Qualquer um que tenha lido não mais do que cinco minutos sobre a história do Nakba, sobre o Hamas e a respeito da luta de 76 anos pela libertação da Palestina não repetiria o que sionistas vomitam nas postagens pró-Israel É necessário compreender apenas que aqueles que lutaram pela libertação de Paris para tirar seu país das mãos dos nazistas, os que enfrentaram os ingleses para a independência americana, os que se rebelaram contra Portugal para conquistar a independência de Moçambique e Angola e os que expulsaram os franceses do norte da África para dar fim à opressão francesa na Argélia também foram chamados de “terroristas”, apenas porque as nações opressoras se arrogam o direito de colocar esse rótulo em quem luta contra a sua dominação.

Terrorista mesmo é Israel, até porque a própria criação desse enclave europeu e branco no território da Ásia Ocidental só foi possível a partir de atos de brutal terrorismo. O atual massacre covarde em Gaza não é o primeiro patrocinado pelos sionistas na Palestina e não será o último. Foi precedido por muitas tragédias conduzidas pelos monstros que controlam Israel, como o massacre de Deir Yaseen. Houve também massacres em Haifa em 1947 (nesta época foram mais de 20), e tantos outros, como a emblemática explosão do Hotel King David.

A explosão desse hotel foi um ataque ocorrido na cidade de Jerusalém em 22 de julho de 1946, durante o Mandato Britânico da Palestina, tendo como perpetradores os membros de uma organização armada sionista que lutava pela criação de um Estado racista e etnocrático, apenas para judeus, que viria a se chamar “Israel”. A milícia terrorista envolvida era denominada Irgun (diminutivo de Irgun Zvai Leumi, Organização Militar Nacional).
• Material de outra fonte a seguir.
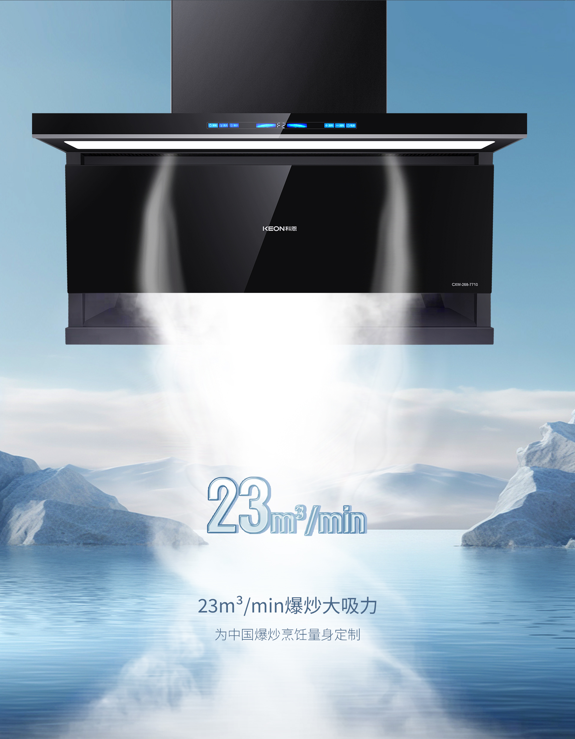 科恩7710智能聯動煙機,無疑是理想廚房的不二之選。其獨特的下吸上攏設計,頂側雙吸結構相輔相成,宛如忠誠的衛士,將油煙牢牢鎖定,絕不讓一絲一縷有機會逃逸。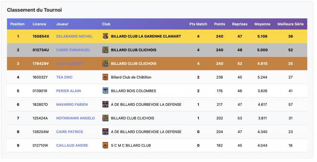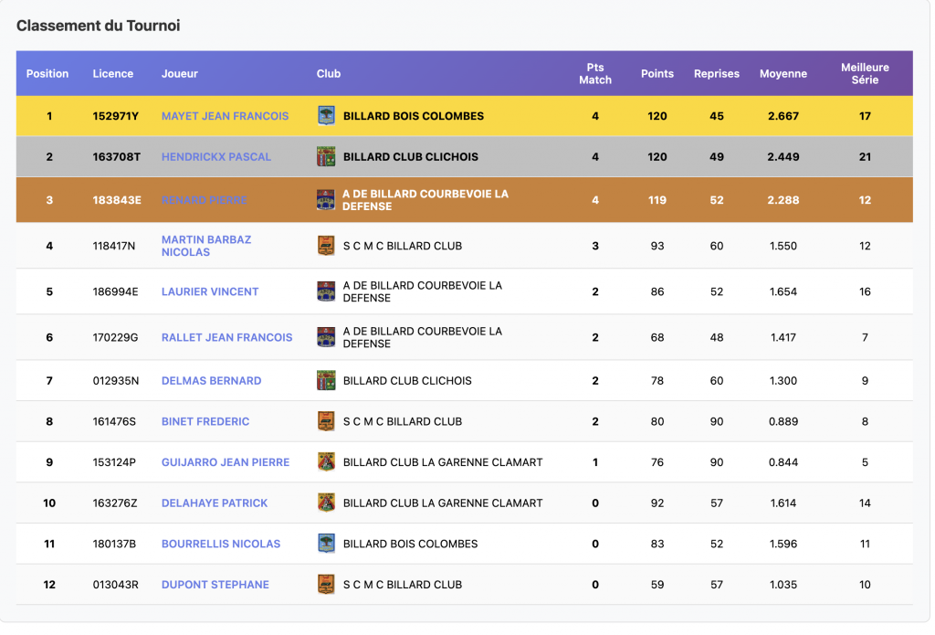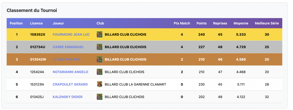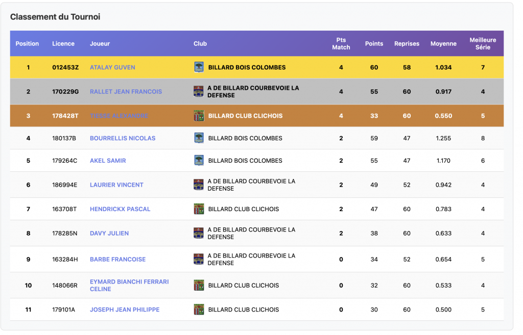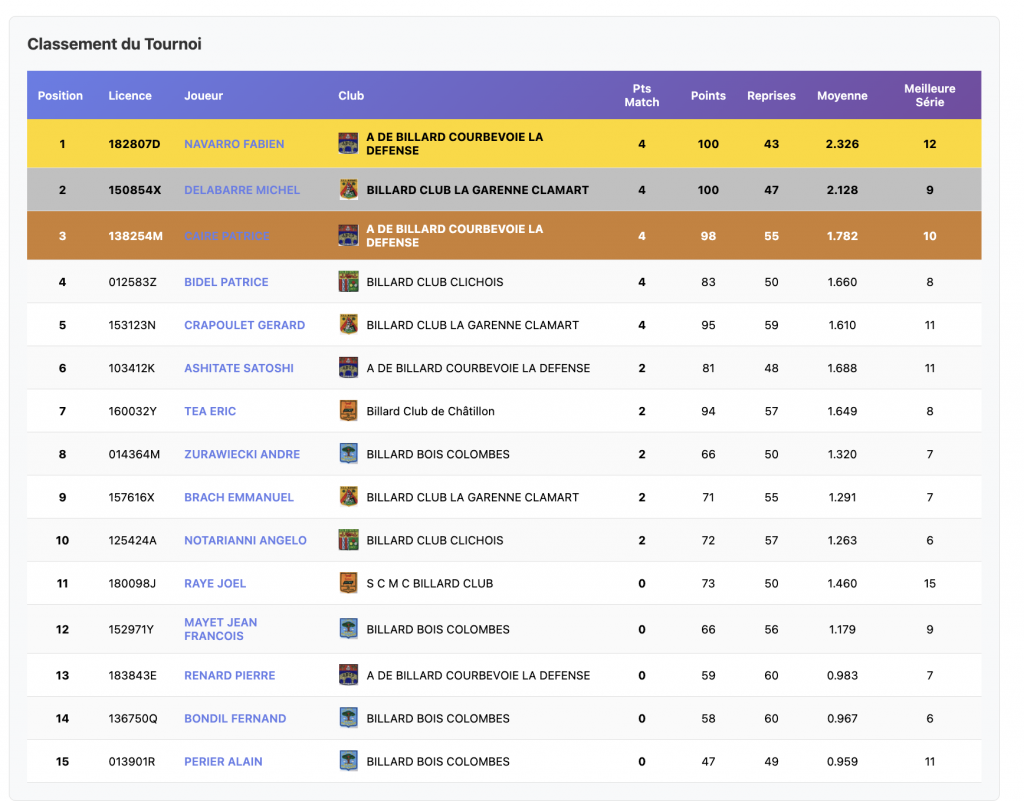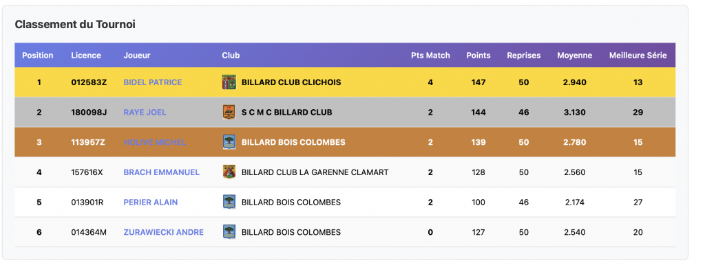 Réparties sur 2 sites, Clamart et Bois-Colombes, les rencontres du premier tournoi de la catégorie Bande R1, ont vu 15 joueurs s’affronter. Fabien Navarro, du club de Courbevoie grâce à la meilleure moyenne, arrive en tête. Michel Delabarre de Clamart et Patrice Caire de Courbevoie également, complètent le podium provisoire. Bravo tout de même aux 5 joueurs ayant gagné leurs 2 matches, ainsi qu’à tous les participants.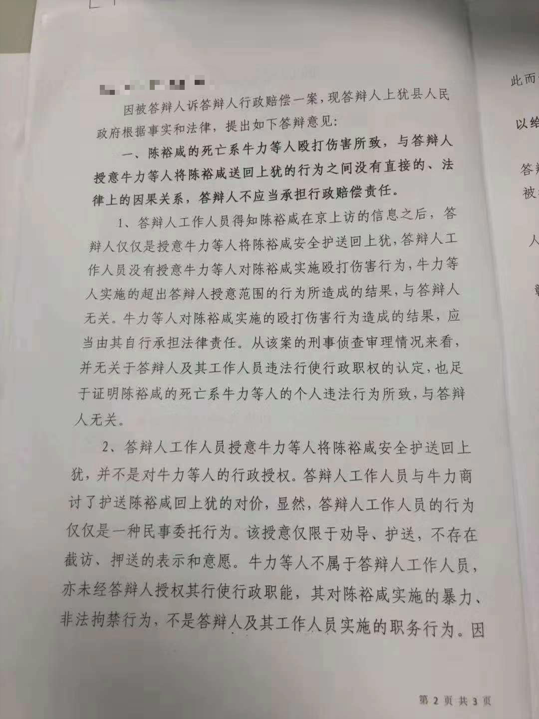 新京报讯(记者 卢通)今天(12月7日)下午,新京报此前报道的江西上犹上访者陈裕咸死亡事件传来进展。陈裕咸长子陈维树告诉新京报记者,上犹县政府于12月5日就陈维树此前提起的行政赔偿诉讼向赣州中院递交了《行政诉讼答辩状》,他于今天下午从律师处获取了该文件。答辩状称,陈裕咸死亡系牛力等人个人违法行为所致,与上犹县人民政府无关,上犹县人民政府不应当承担行政赔偿责任。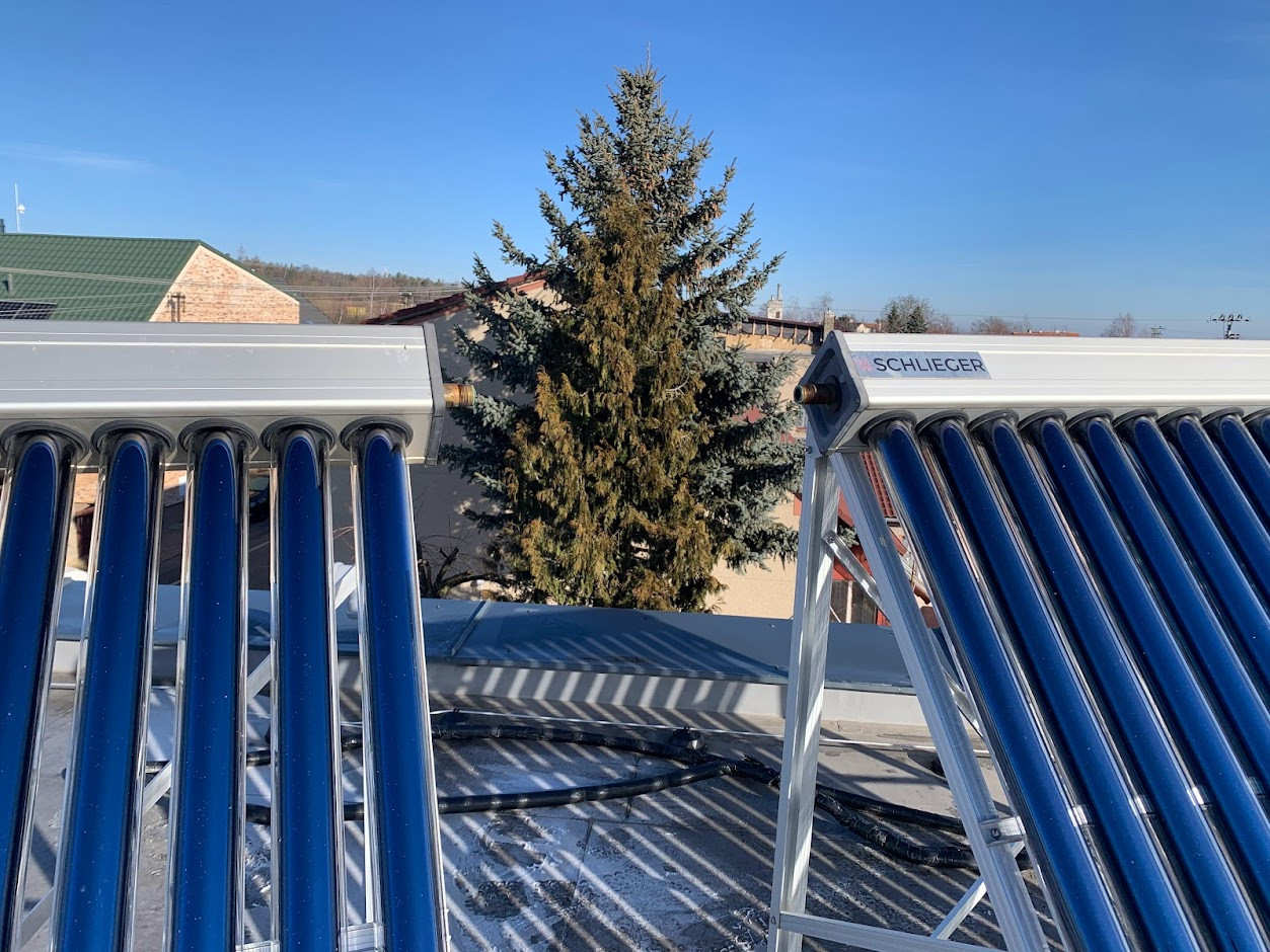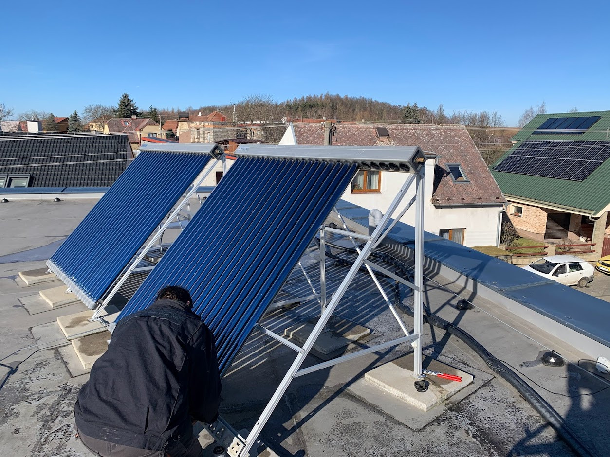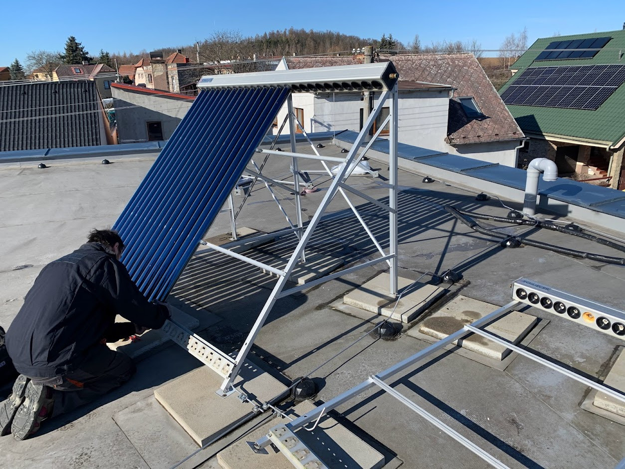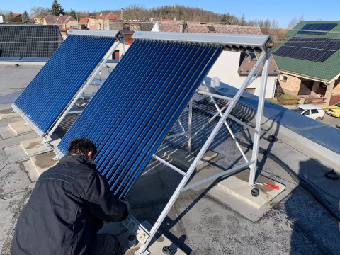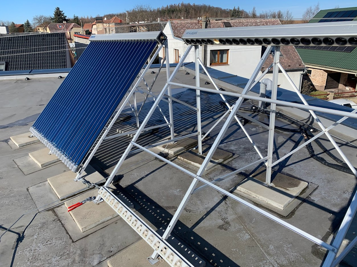 - V následujících dnech proběhla profesionální montáž nového solárního systému, který bude fungovat. Vybrali jsme špičkové evropské solární deskové ploché kolektory o absorpční ploše 2x 2.5 m2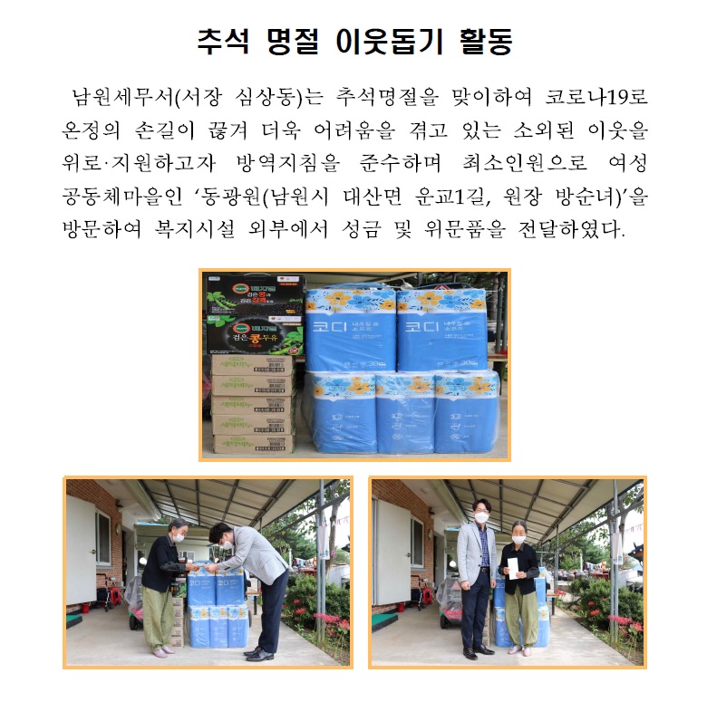 추석 명절 이웃돕기 활동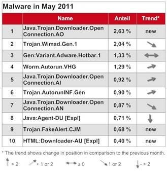 D'après le rapport de mai de G-Data, les failles de sécurité sous Java ont encore été un terrain fertile pour les attaques virales ce mois. Il est à préciser que beaucoup sont liées aux non-mises à jour régulières de Java par les utilisateurs. Quatre programmes malveillants du top 10 ciblaient des failles de sécurité Java corrigées par Oracle depuis mars 2010 ! Un autre point notable est la présence croissante des PUPs (Potential Unwanted Programs ou logiciels potentiellement indésirables) dans les menaces détectées.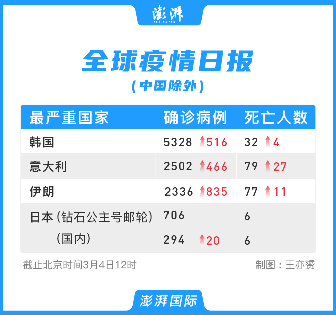新冠肺炎疫情在全球的扩散加快,目前已蔓延至除南极洲以外所有大洲。据澎湃新闻()不完全统计,截至北京时间3月4日12时,在中国以外,各国的确诊病例累计已经超过1.2万例。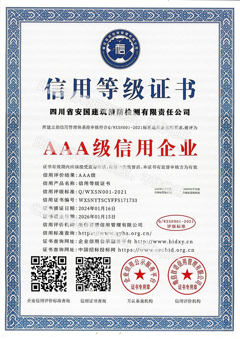 四川省安國建筑消防檢測有限責任公司,成立于1998年,經(jīng)四川省公安消防總隊批準,工商部門注冊的獨立法人單位。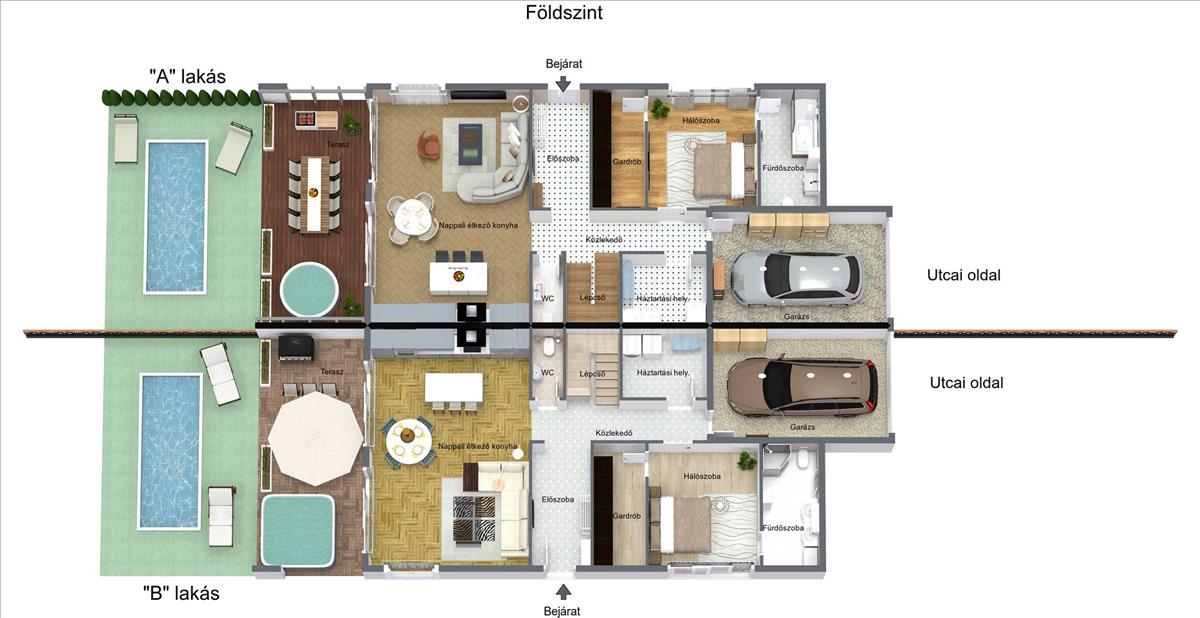 A \"b\" lakás 153, 4 m² hasznos alapterületű, amely tartalmazza a 17, 89 m²-es garázst is. a földszinten tágas, világos nappali–konyha–étkező található kertkapcsolattal és pergolával fedett terasszal, az emeleten pedig hálószobák és két különálló terasz biztosítják a kényelmes, privát lakóteret.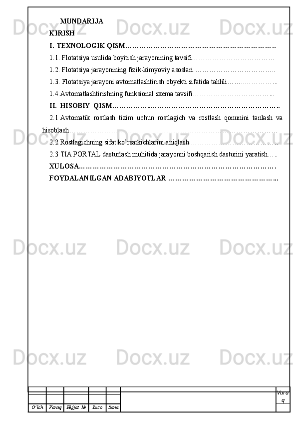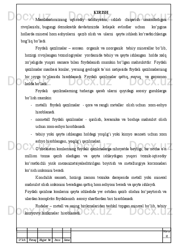 Foydalanilgan ADABIYOTLAR ………………………………………...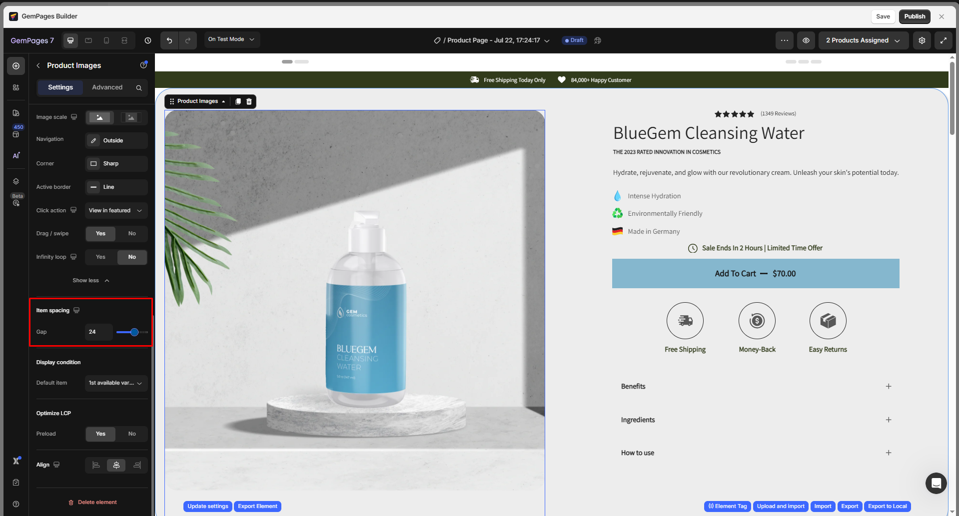 Step 3: Once the product is assigned, the Product Images element inside the module will automatically pull and display the product’s images from the Shopify Admin.

O hotel servia de residência dos familiares de funcionários do governo britânico na Palestina e o ataque foi organizado por Menachem Begin, que seria mais tarde primeiro-ministro de Israel por dois mandatos. O ataque ao Hotel Rei Davi resultou na morte de 91 pessoas (28 britânicos, 41 árabes, 17 judeus e 5 outros mortos) e ferimentos graves em outras 45 pessoas. Aliás, também estavam lá os terroristas David Ben-Gurion, Menachem Begin e Yitzhak Shamir, que dirigiam, respectivamente, os grupos terroristas Haganah, o Irgun e o Bando Stern. Alguns anos depois, todos seriam primeiros-ministros de Israel, sem que qualquer um deles tenha jamais sido punido pelos atos hediondos e os crimes contra a humanidade por eles cometidos. Já pensou o que diríamos se o nosso presidente fosse um terrorista que um dia planejou a explosão de uma adutora para forçar o aumento dos salários de militares? Bem, não deveria ser nenhuma surpresa para nós…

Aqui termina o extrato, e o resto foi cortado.